Below are some records. Write out the lines from the one containing "Traditionelle Herstellung, trocken" to the last line, word for word, leaving out pictures.

━━━ Material supplied ━━━

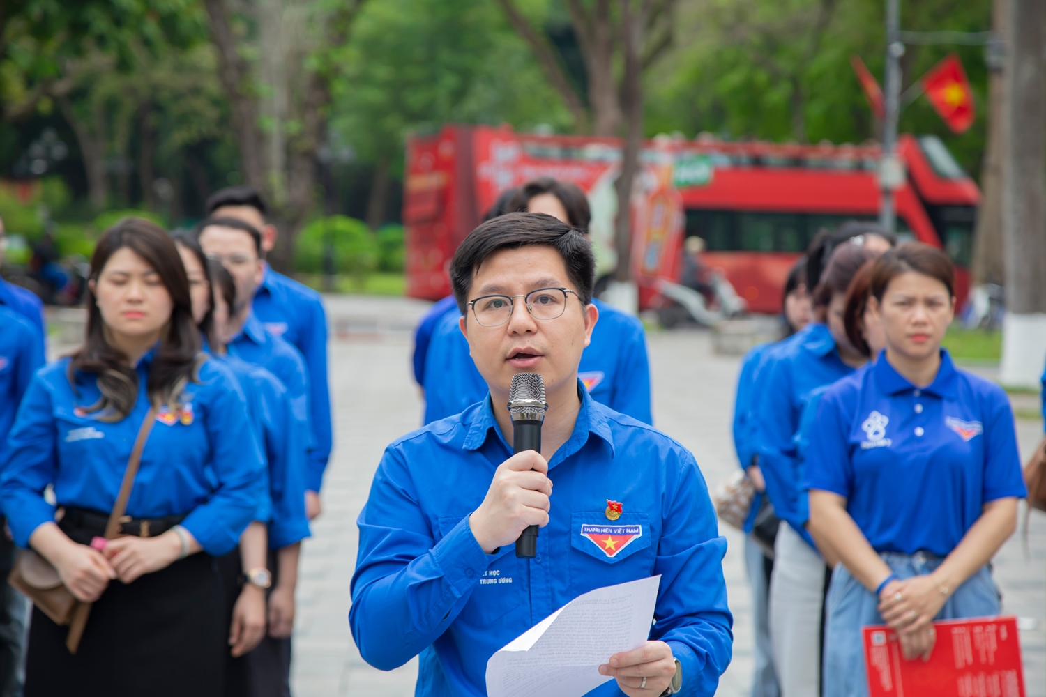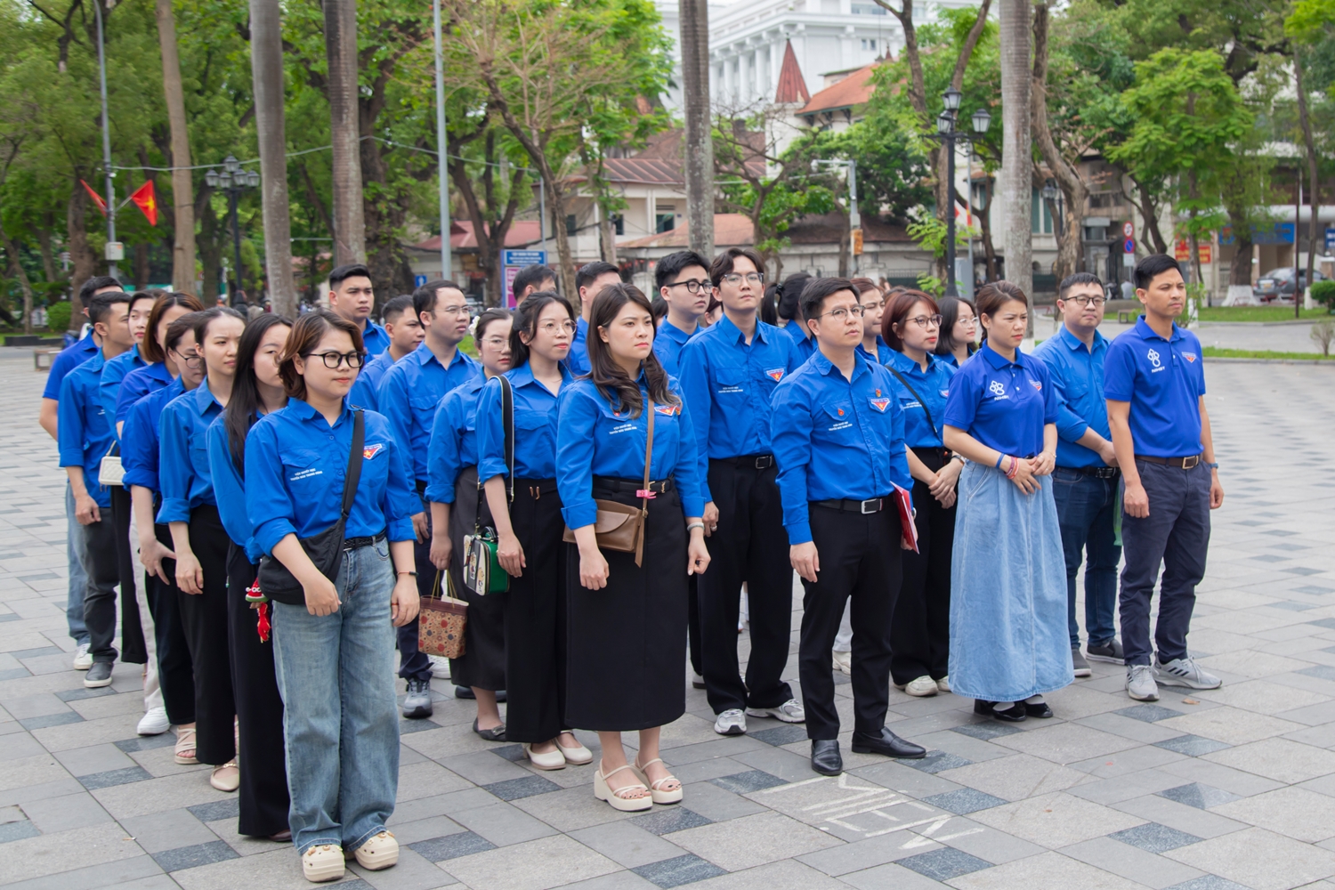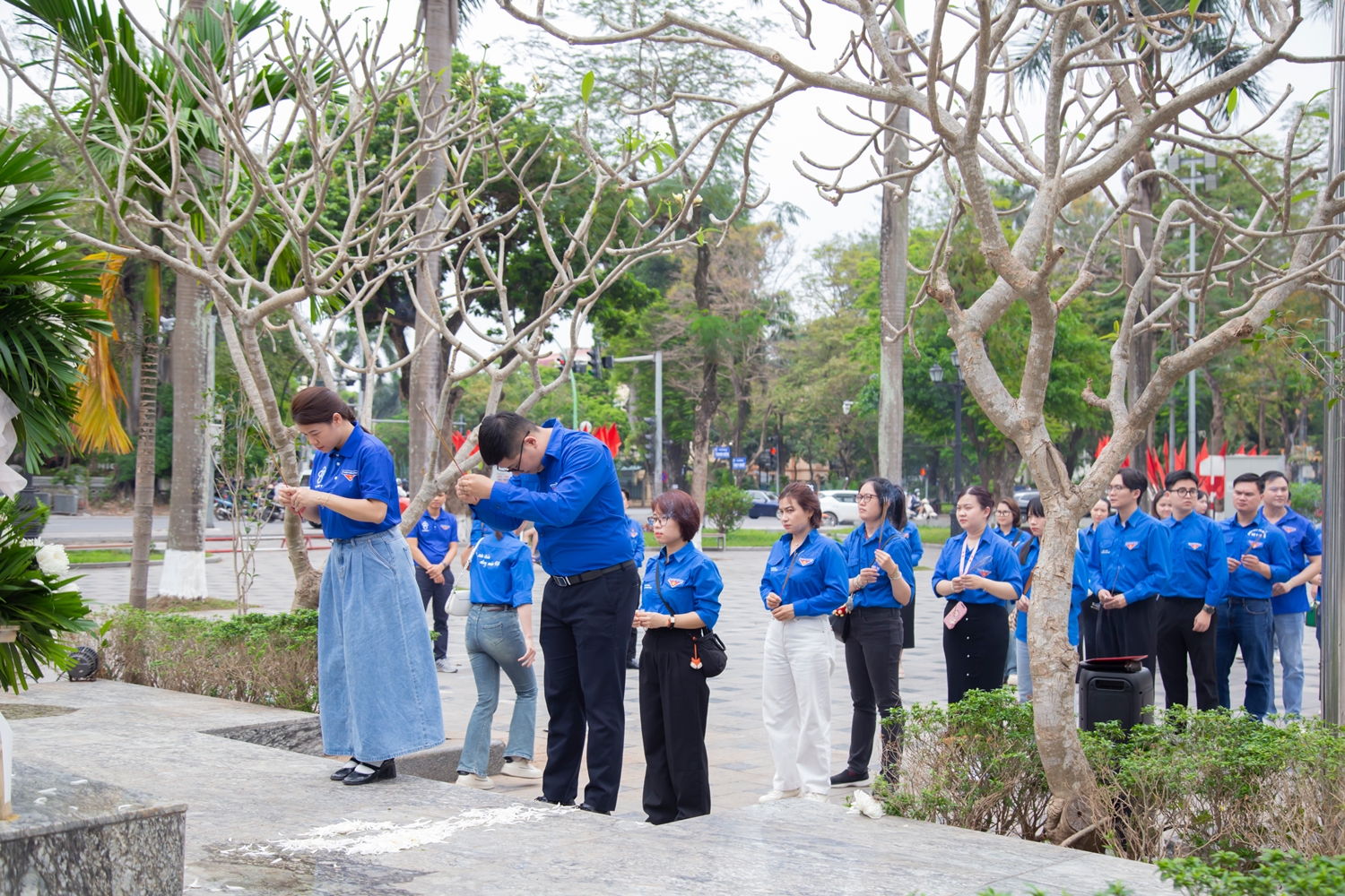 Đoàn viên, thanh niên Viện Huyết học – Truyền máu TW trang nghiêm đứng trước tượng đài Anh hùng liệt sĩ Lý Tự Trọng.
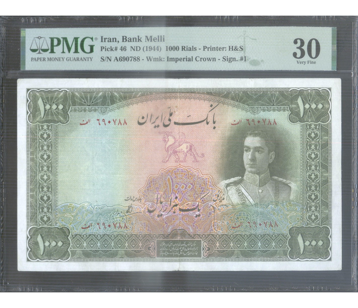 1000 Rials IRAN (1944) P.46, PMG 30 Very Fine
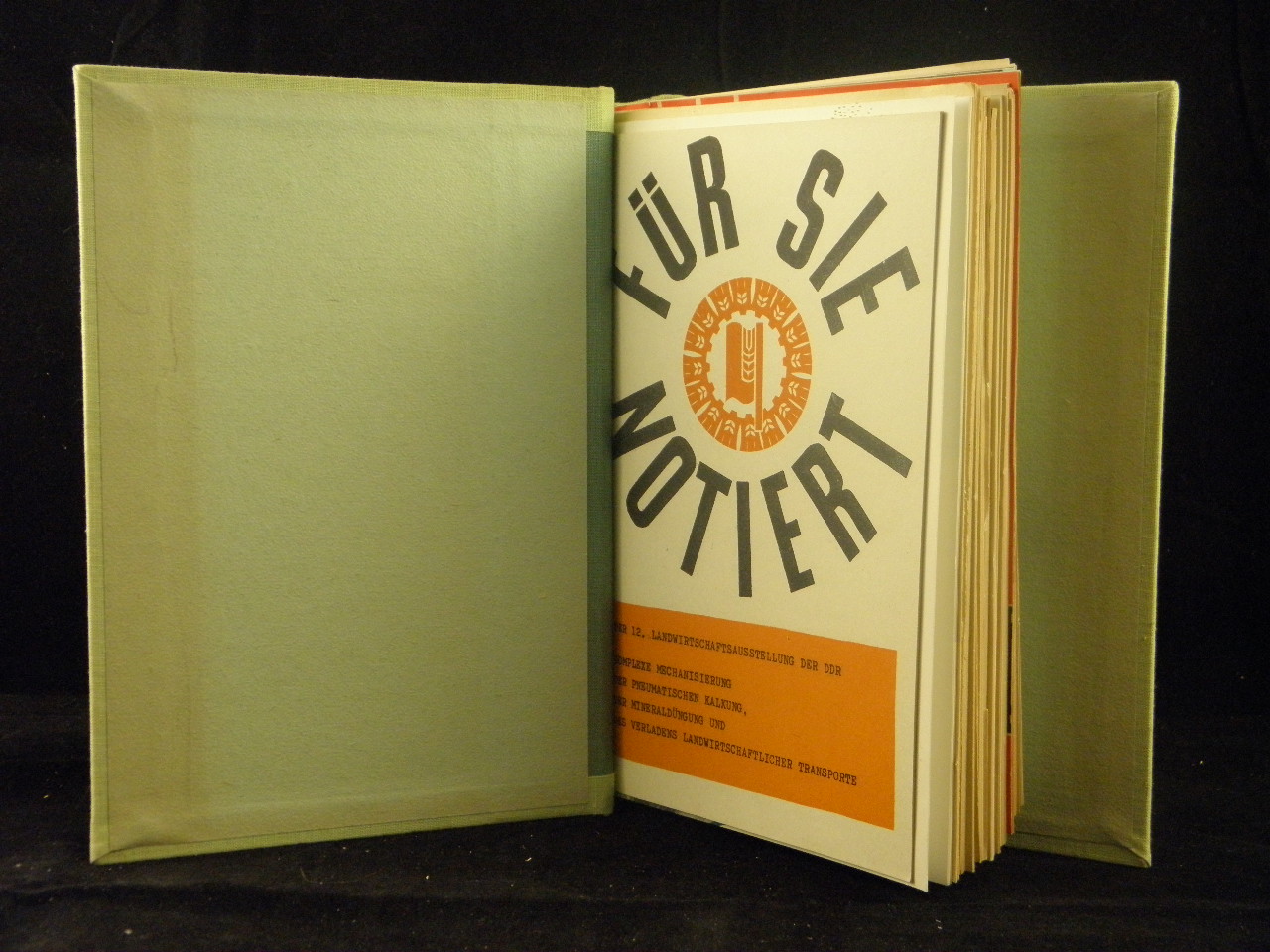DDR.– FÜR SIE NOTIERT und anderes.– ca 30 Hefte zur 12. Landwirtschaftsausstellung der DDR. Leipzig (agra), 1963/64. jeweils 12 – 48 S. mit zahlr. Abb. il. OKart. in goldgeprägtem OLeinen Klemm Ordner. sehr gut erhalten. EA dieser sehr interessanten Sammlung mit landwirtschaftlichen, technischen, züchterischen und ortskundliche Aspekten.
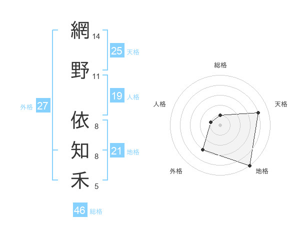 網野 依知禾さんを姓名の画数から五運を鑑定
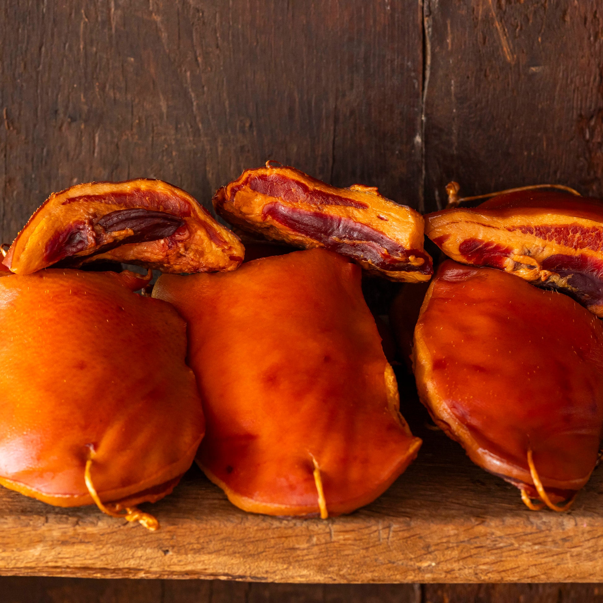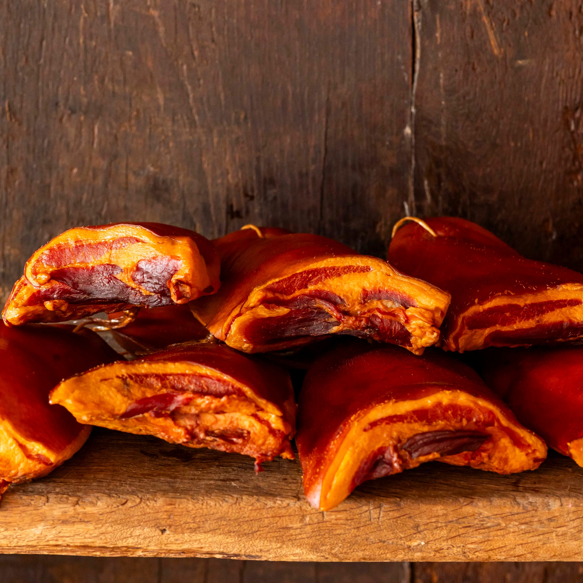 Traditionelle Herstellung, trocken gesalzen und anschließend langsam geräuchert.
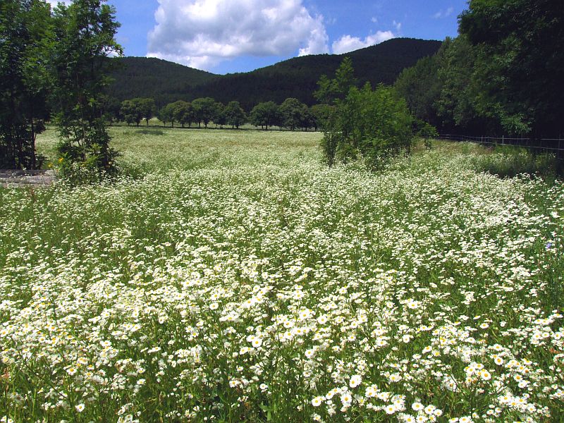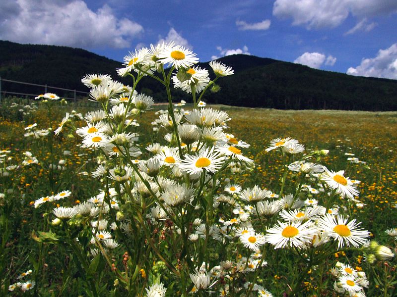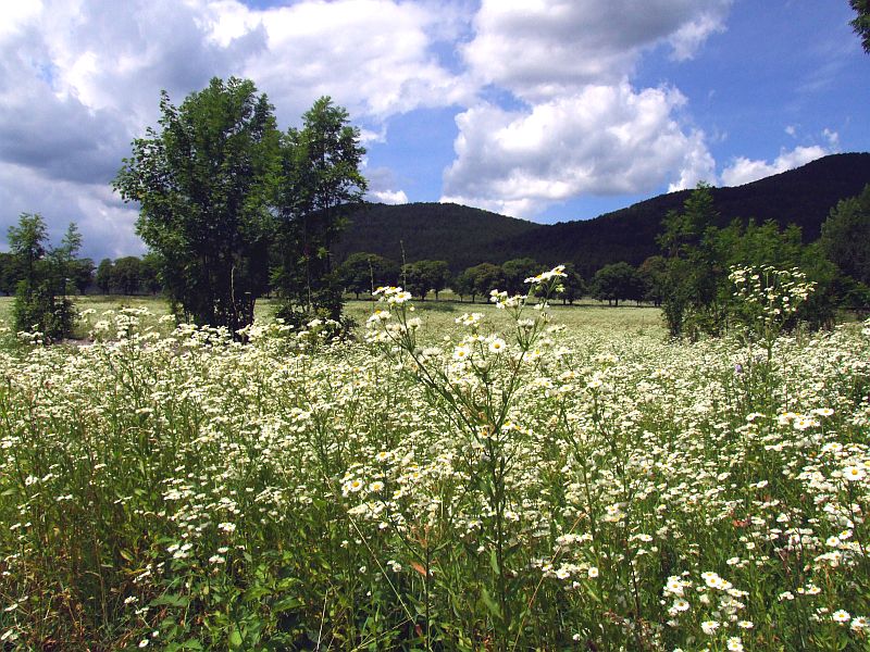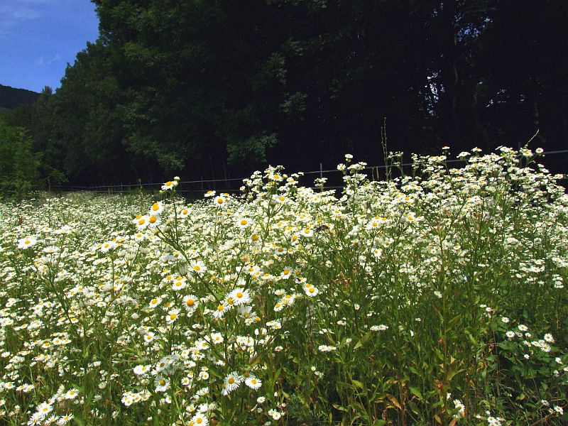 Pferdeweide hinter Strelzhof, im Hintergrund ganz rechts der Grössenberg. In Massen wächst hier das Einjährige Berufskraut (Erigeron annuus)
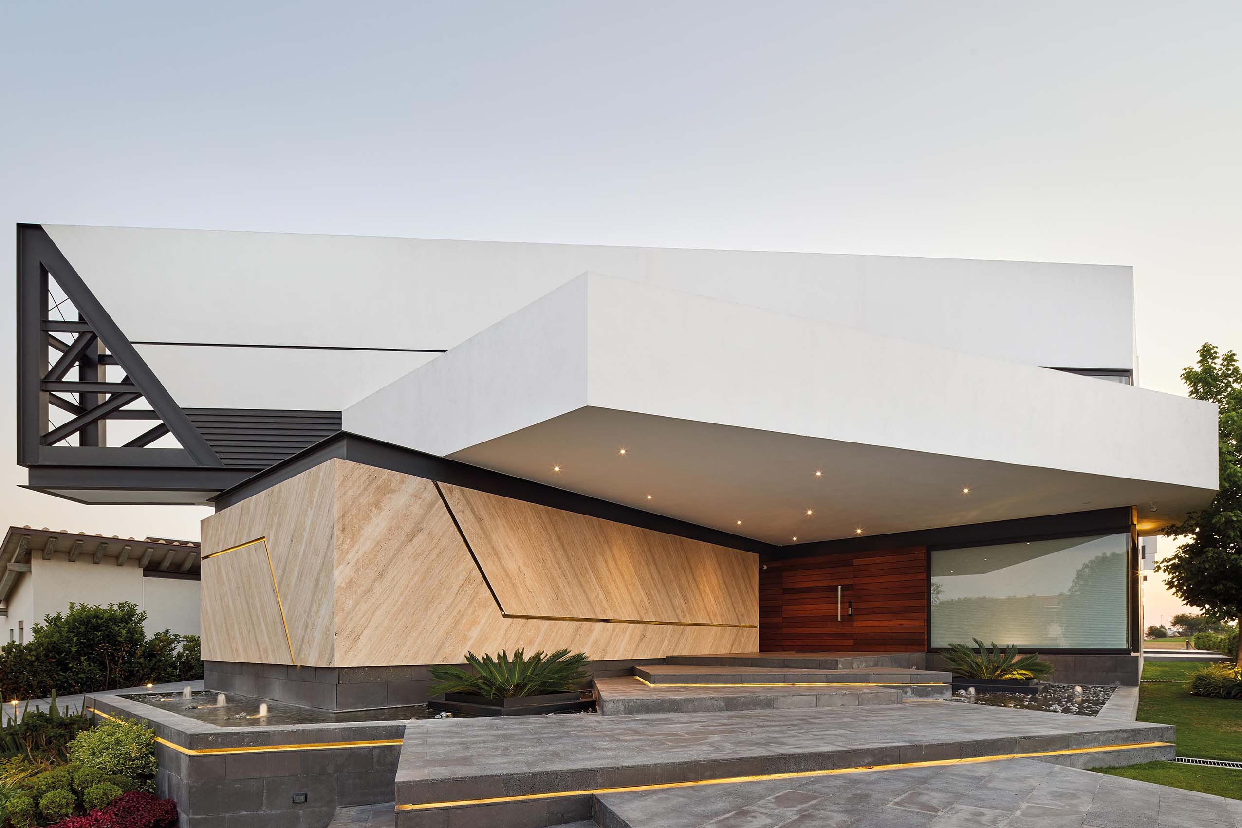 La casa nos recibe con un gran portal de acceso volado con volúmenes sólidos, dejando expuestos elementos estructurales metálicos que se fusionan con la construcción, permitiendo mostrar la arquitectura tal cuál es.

━━━

● **Expected answer**:
 Traditionelle Herstellung, trocken gesalzen und anschließend langsam geräuchert.
 Pferdeweide hinter Strelzhof, im Hintergrund ganz rechts der Grössenberg. In Massen wächst hier das Einjährige Berufskraut (Erigeron annuus)
 La casa nos recibe con un gran portal de acceso volado con volúmenes sólidos, dejando expuestos elementos estructurales metálicos que se fusionan con la construcción, permitiendo mostrar la arquitectura tal cuál es.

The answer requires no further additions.